Input records >>
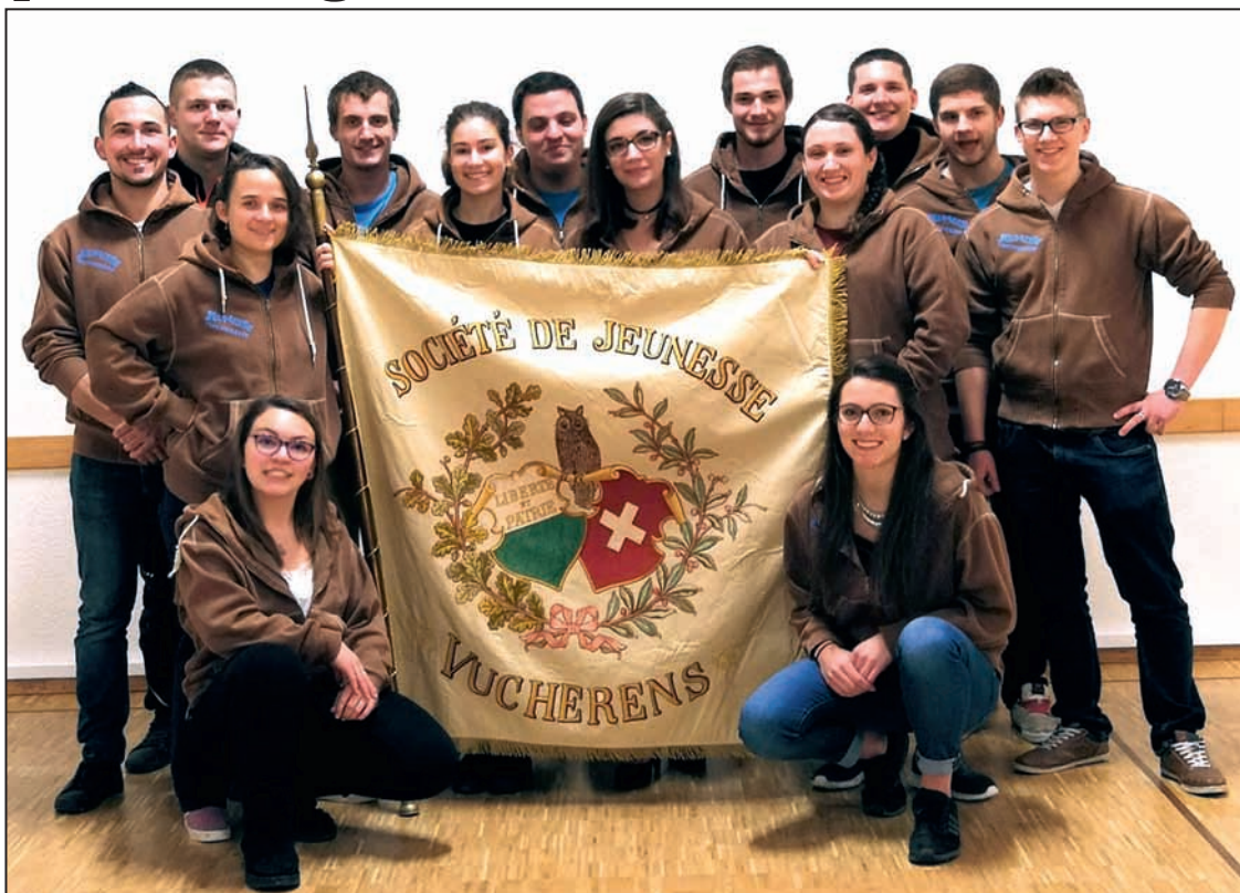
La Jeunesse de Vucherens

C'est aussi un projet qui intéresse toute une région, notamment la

---

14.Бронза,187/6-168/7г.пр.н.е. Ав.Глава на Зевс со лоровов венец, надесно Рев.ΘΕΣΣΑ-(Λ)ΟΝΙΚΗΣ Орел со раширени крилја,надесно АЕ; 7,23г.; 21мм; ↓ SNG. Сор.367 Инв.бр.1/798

Your assignment >> Look above for the line holding "La Jeunesse de Vucherens" and the line holding "C'est aussi un". Retype both, and every line between them, word for word and nothing else.

Task solution >>
La Jeunesse de Vucherens

C'est aussi un projet qui intéresse toute une région, notamment la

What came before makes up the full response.